August 8th, 2008 by De Onion

After my recent posts of relative skepticism about the Bermuda real estate market I think it’s worth outlining the bull case for Bermuda real estate. It can be located right here: Royal Gazette Employment Classifieds.

As long as the government continues to allow population growth then Bermuda’s economy will continue to grow largely independent of the rest of the world, and despite poor government (really terrible government could still cause a local recession/depression). However this population growth fuels the decline in standards of living as more of us are packed into condos/human filing cabinets, and spend more of our lives sitting in traffic. This population growth also shields government from responsibility and side effects of having a government producing large numbers of (mostly black, mostly male) people who are only employed because we are building as fast as we can to provide housing for the growing population, so as long as the government continues to keep the demand side for housing growing by allowing net immigration, and as long as they continue to artificially constrain the supply side through incompetent management of urban planning and building control, then we should see prices remain firm.

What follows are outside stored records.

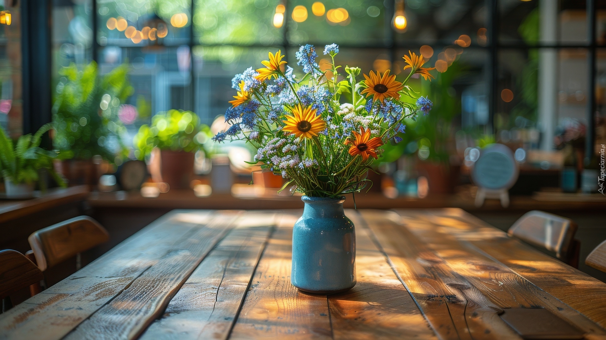 Edytor tapety: Bukiet kolorowych kwiatów na stole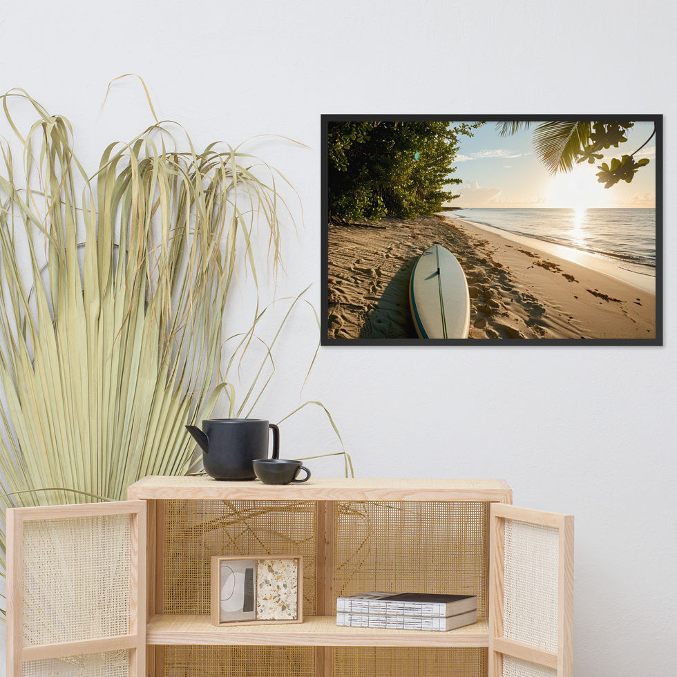 Elevate your walls with the calming beauty of the "Serene Sunset Drift" framed poster. Showcasing a paddleboard resting on golden sands beneath a radiant sunset, this artwork exudes serenity and coastal charm. 🌴🌊
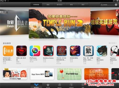 1、 首先得把iPad 连接上无线,可以通过苹果的 App Store 商店下载应用程序,比如游戏,教育,理财,电子图书,报刊等各类应用程序。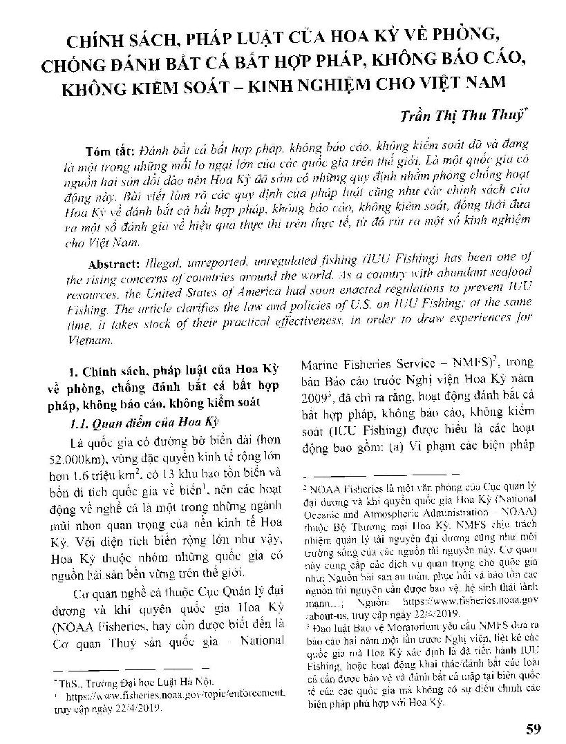 Chính sách, pháp luật của Hoa Kỳ về phòng, chống đánh bắt cá bất hợp pháp, không báo cáo, không kiểm soát - kinh nghiệm cho Việt Nam = US policies and laws on the prevention and control of illegal, unreported, uncontrolled fishing - experience for Vietnam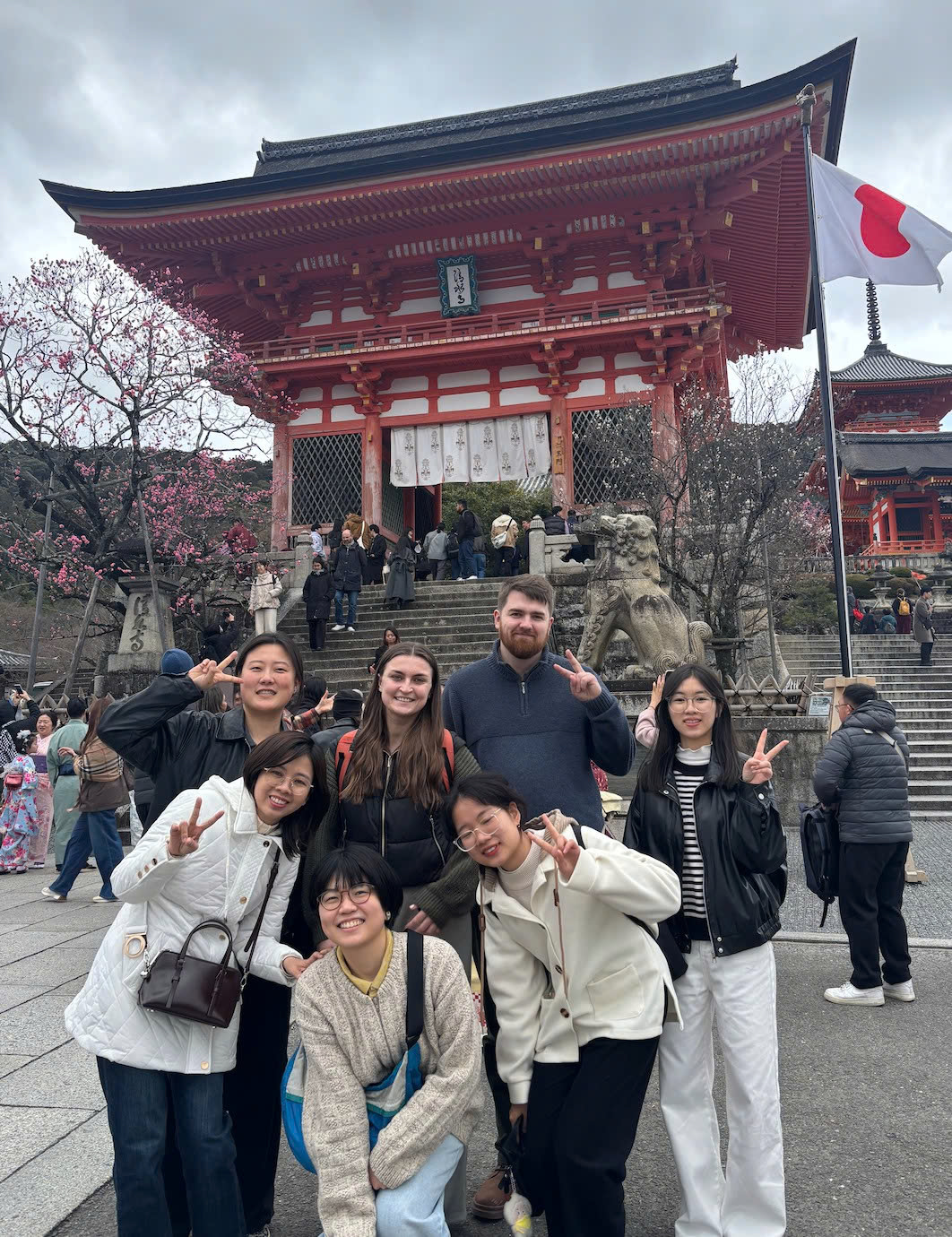 Sau đó, đoàn di chuyển tới cố đô Kyoto – một trong những trung tâm văn hóa và lịch sử nổi tiếng của Nhật Bản. Tại đây, các thành viên đã tham quan hai ngôi chùa nổi tiếng mang đậm kiến trúc và tinh thần Phật giáo Nhật Bản, đồng thời thưởng thức những món ăn truyền thống đặc trưng như mì Soba và bánh gạo tròn. Những trải nghiệm này giúp các thành viên hiểu thêm về văn hóa ẩm thực và đời sống của người dân Nhật Bản.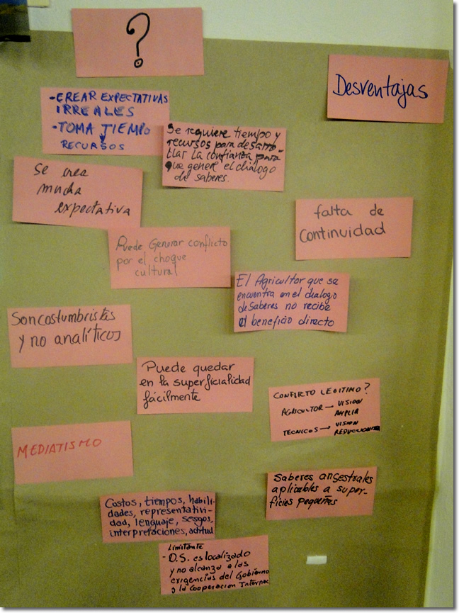 A través de un ejercicio de Pro y Contra, los participantes identificaron algunas ventajas y desventajas del diálogo de saberes.

Of course, we are building a social house of cards by leaving the lower income Bermudians chronically under-housed, and by keeping prices and rents high are transferring wealth from the young and poor to older (mostly white) home owners.

Anyone who claims the PLP is the party of “social justice” is clueless.


July 17th, 2008 by De Onion

Since Bermuda’s government is picking up on the American right-wing’s penchant for outsourcing of government functions it’s probably worth it to start asking the question: Are government contractors more efficient than the civil service?

From the Wall Street Journal opinion section a somewhat slanted view:

One fact about government outsourcing is settled: It sure doesn’t save money. A Washington Post reporter who scrutinized Katrina reconstruction contracts in 2006 found that “the difference between the job’s actual price and the fee charged to taxpayers ranged from 40 percent to as high as 1,700 percent.” To cover damaged roofs with tarps, certain contractors billed the government $1.50 per square foot of roof covered; some of the people who actually did the work got under 10 cents per square foot. Guess who kept the difference.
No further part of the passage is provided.